I went on to explain that the thing she was calling the “new normal” was a state inside her head. “It has become normal to you to feel that there is nothing you can do.”
“That is how I feel,” she said. “I just find myself not knowing what to do.”
“Exactly,” I said. “But if anyone knows what to do, it is probably you. You have been a leader at this company, and in this industry, for over a decade and a very high performer. If you can’t figure out something to do, who can?”
What I am about to tell you is going to sound so simplistic that you might miss the profound value that it has. But you have to just trust me that its effects can be incredible for your life.
First, take a piece of paper and draw a line down the middle of the page, creating two columns. In column number one, write down all of the things that you have no control over that are making your business difficult, such as the economy, the stock market, your customers’ finances, the banks, your boss, the parent company, the health care cost increase, the company’s overall budget, the board, the elections, the newscasts that hurt your business, etc. Those are the things that you have no control over that truly are affecting you. Get everything in that column that you can think of.

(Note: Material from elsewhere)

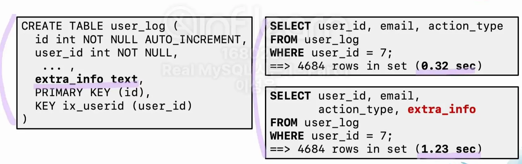- MySQL의 InnoDB 스토리지 엔진은 하나의 레코드 크기가 데이터 페이지의 절반 크기보다 큰 경우에 레코드에서 외부로 저장할 가변 길이 컬럼을 선택하게 되고, 그렇게 선택된 컬럼은 별도 외부 페이지의 데이터가 저장된다.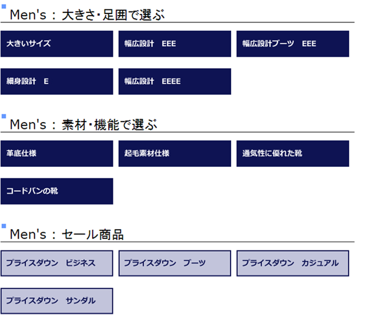 『REGAL, shoes street』は、さまざまな工夫を行い実店舗と同等のサービスを提供しています。ただチャネルを連携させるだけでなく、ユーザーのためになるコンテンツを補い快適に買い物できる環境を整えています。まずはECサイト上での商品の探しやすさについてご紹介します。

Next, I want you to really worry about these items, even as a group. Obsess over them. Ruminate. Dwell. Think it through over and over…FOR ABOUT FIVE OR TEN MINUTES. Then, I want you to set the list aside until the next day when you can do the same thing all over again. The reason I suggest that you do this is that you need to! You need to worry about this stuff, and get into “Ain’t it awful!” for a few minutes because it is! It is really bad stuff. I do not want you to be in denial. Besides, your brain needs to complete the loop of making sure that you know how bad it is. Otherwise, it will continue to remind you of it, probably in the middle of the night or every time you have some good idea. So, focus on it. But…only for about five or ten minutes.
Next, after you have had your “worry time,” I want you to draw a circle around that time block and stop thinking about that column. Quarantine it. Put a boundary around it. If you find it helpful, put a red STOP sign on it. No more thinking about those things.

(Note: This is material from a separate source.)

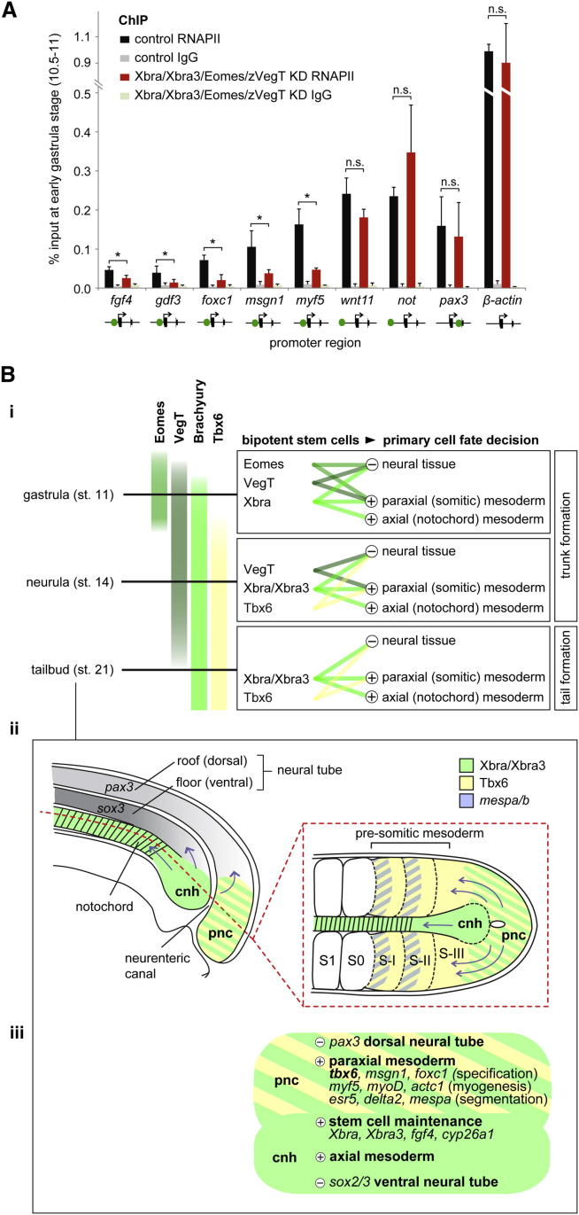 Figure 7. T-box TF-Dependent Recruitment of RNAPII and Model for the Way in which Stage-Dependent Combinations of T-box TFs Define and Instruct Bipotential Stem Cells to Be Recruited to Neural and Mesodermal Tissues and Prime Mesoderm for Differentiation(A) RNAPII deposition at promoters of mesodermal (fgf4, gdf3, foxc1, msgn1, myf5, wnt11, not), neural (pax3), and house-keeping (β-actin) genes in control and T-box TF-depleted embryos at early gastrula stage (10.5–11) determined by ChIP-qPCR. Proximal or distal (upstream or intronic) binding of T-box TFs to indicated gene promoter is symbolized with green dot. The error bars represent SD of biological triplicates. Two-tailed Student’s t test: ∗p < 0.1; n.s., not significant (p ≥ 0.1). IgG, immunoglobulin G.(B) Model: (i) The different spatial and temporal patterns of T-box TFs cause neuromesodermal stem cells to be defined by Eomes, VegT, and Xbra during gastrulation; VegT, Xbra, Xbra3, and Tbx6 during neurulation; and Xbra, Xbra3, and Tbx6 during tail bud stages. These combinations of T-box TFs also ensure that the correct ratio of mesodermal over neural tissue is formed during trunk and tail formation by activating mesoderm-specifying genes and repressing neurogenic genes. The development of axial (notochord) mesoderm depends mainly on Xbra/Xbra3, due to their exclusive expression among these T-box TFs in the chordoneural hinge and developing notochord. Other mesodermal derivatives, such as heart, may similarly depend on combinations of T-box TFs (omitted from model). (ii) Schematic diagram of a sagittal section and a horizontal section (red dashed line) through the posterior region of an early tail bud embryo illustrating the expression of Xbra/Xbra3, Tbx6, and mespa/b and the recruitment of mesodermal and neural cells (blue arrows) from the stem niche (chordoneural hinge and posterior wall of the neurenteric canal). Most cells of the chordoneural hinge give rise to the notochord and the ventrolateral horns of the neural tube, whereas cells in the posterior wall of the neurenteric canal contribute to paraxial (presomitic) mesoderm and the dorsal roof of the neural tube. cnh, chordoneural hinge; pnc, posterior wall of neurenteric canal; S1, first somite; S0, newly forming somite; S-I/II/III, presomitic mesoderm. (iii) Genetic regulatory inputs of T-box TFs in early tail bud embryos with several functional nodes being active in different domains (cnh, pnc) of the tail bud: stem cell maintenance; specification of somitic mesoderm; myogenic differentiation; patterning of presomitic mesoderm; notochord formation; and protection from neuralization. |

Next, and most important, let’s go to the second column. In this column, I want you to write down everything that you DO have control over that can drive results. This need not be a final list. You can always add more activities as they occur to you and your team, as they probably will change as time goes on. But once you have the list in the initial form, I want you to focus on it every single day. Make prioritizing and doing those activities the primary focus of every day. Work the list.
What makes this simple exercise so powerful is that it speaks directly to our brains’ executive functions and our desire to have control. The brain begins to “attend” to the actual activities that it can control, and it “inhibits” the thoughts, behaviors, and information that interfere with positive actions. The process of doing this, individually and collectively, builds up working memory and creates those positive, action-oriented behaviors that lead to better results, new products, new partnerships, new customers, and a lot more fun. The brain begins to get out of the mud.
Optimism is powerful. But, its resurrection cannot take hold until a sense of control is regained.